With ailing family to support, Evie Sage’s employment status isn’t just important, it’s vital. So when a mishap with Rennedawn’s most infamous Villain results in a job offer—naturally, she says yes. No job is perfect, of course, but even less so when you develop a teeny crush on your terrifying, temperamental, and undeniably hot boss. Don’t find evil so attractive, Evie.

But just when she’s getting used to severed heads suspended from the ceiling and the odd squish of an errant eyeball beneath her heel, Evie suspects this dungeon has a huge rat…and not just the literal kind. Because something rotten is growing in the kingdom of Rennedawn, and someone wants to take the Villain—and his entire nefarious empire—out.

Now Evie must not only resist drooling over her boss but also figure out exactly who is sabotaging his work…and ensure he makes them pay.

After all, a good job is hard to find.

my review

I have got to stop letting TikTok convince me to read books. I’m having difficulty remembering a book that left me feeling as let down as this one did. First off, how did I miss that this is set in a fairytale setting? I’ll accept that the fact that I missed this is probably on me. But I was 100% put off when I finally realized what I had really signed on for in choosing to read this book. Just go ahead and preemptively roll your eyes. You’ll want to before you get very far into this story.

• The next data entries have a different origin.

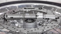 Чтобы установить переднее колесо достаточно выточить новую ось. Диаметр тормозных дисков и расстояние между ними такое же, как на стоковом колесе K1100LT. Соответственно, суппорта полностью совместимы с колесом от GS.
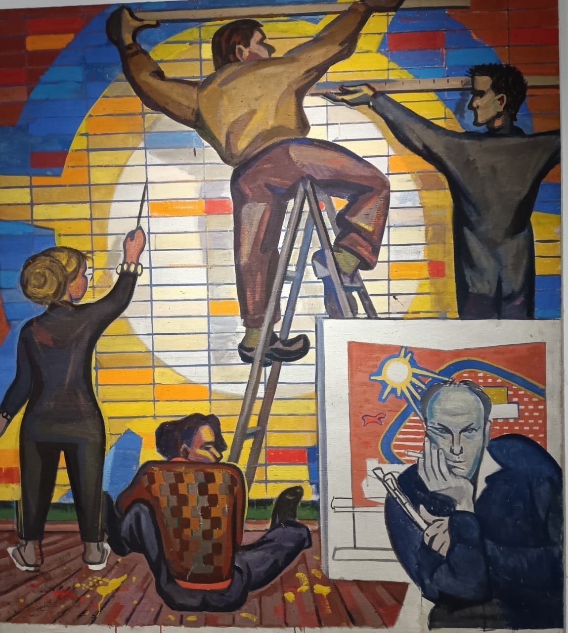 Про «Искусство в масштабе. Монументальная живопись Москвы» я не узнала бы, если б не подруга. Она разведала, рассказала, позвала. Оказалось, что даже во дворе-каре Музея Москвы выставку сразу не найти. Ткнулись в другой корпус, прежде чем попасть куда нужно. А учитывая тамошние масштабы и расстояния…
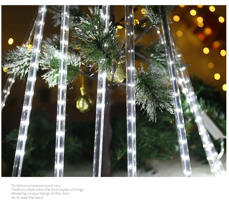 Водонепроницаемая светодиодная гирлянда метеоритный дождь с 8 трубками, рождественские украшения для дома, Сказочная гирлянда на дерево, 30 см, 50 см
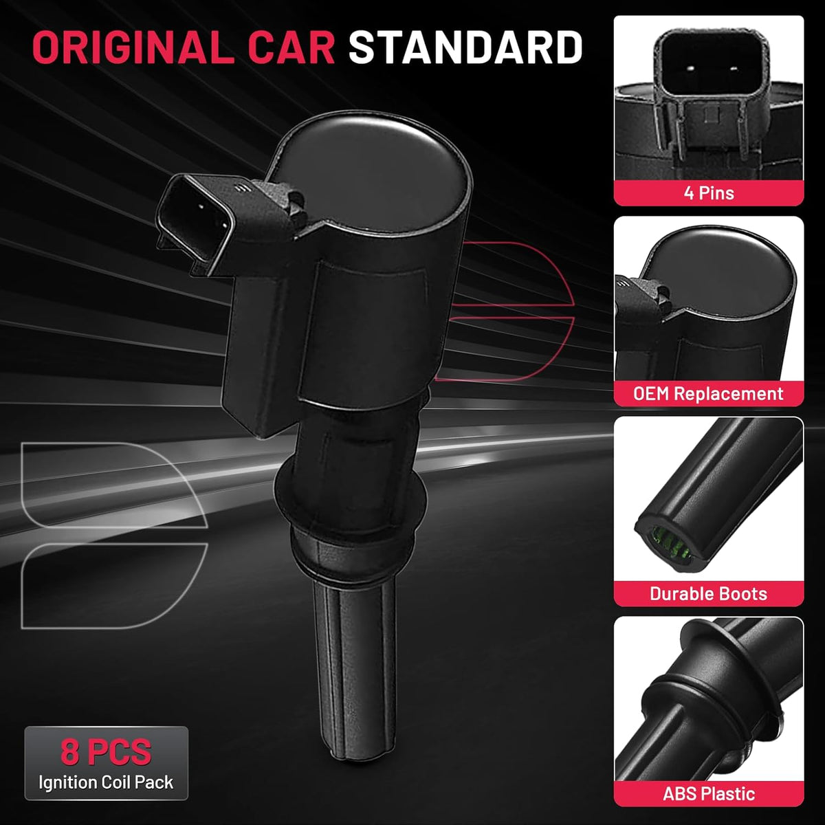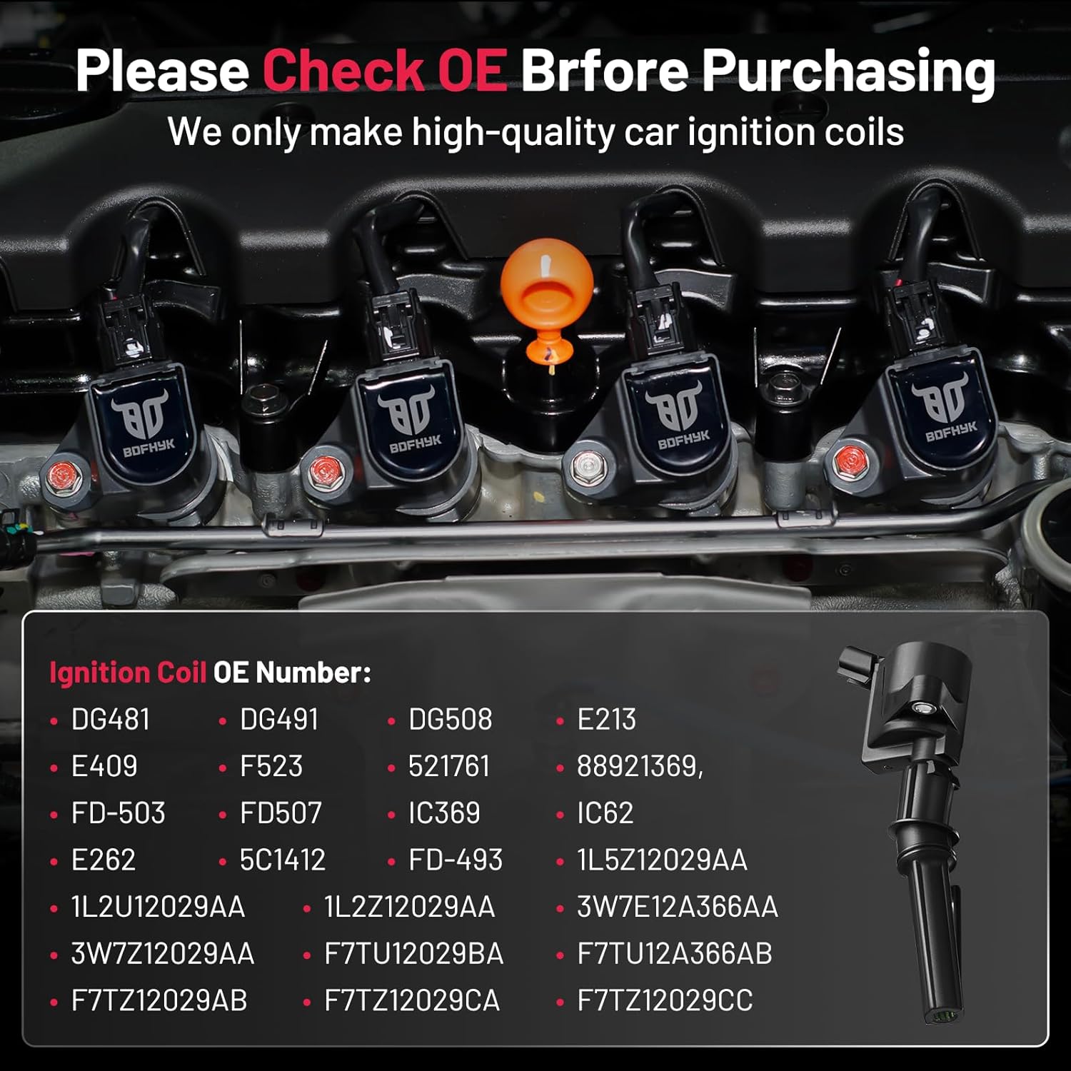 【Compatible OEM Part Numbers:】Coil packs compatible to DG508, DG481, DG491, FD493, FD503, FD507, F523, 5C1412, E213, E262, E409, 521761, IC369, IC62, 1L2U12029AA, 1L2Z12029AA, 1L5Z12029AA, 3W7E12A366AA, 3W7Z12029AA, F7TU12029BA, F7TU12A366AB, F7TU12A366BA, F7TZ12029AB, F7TZ12029BA, F7TZ12029CA, F7TZ12029CC, 88921369.

I could nitpick a million reasons this book didn’t work for me. But there are a few main ones I will concentrate on. First, I was bored silly. The book is working hard to be quirky and, yes, silly. But I’m fairly sure being bored silly was not the aim. There is far too little plot to keep a reader engaged. Second, the author tries far, far too hard to be funny, and most of the jokes don’t land. Third, how exactly are you going to title a book Assistant to the Villian and then write a villain that isn’t really a villain? I was incredibly disappointed and somehow also not at all surprised by this fact. Fourth, while the villain may not be villainous, he also isn’t particularly charismatic, and the heroine is a bland Mary Jane. Fifth, it ends on a cliffhanger…because, of course, it does. Sixth, the narrator (Em Eldridge) was wrong for the book. She did a fine technical job but didn’t carry it off in a tone that worked for the story.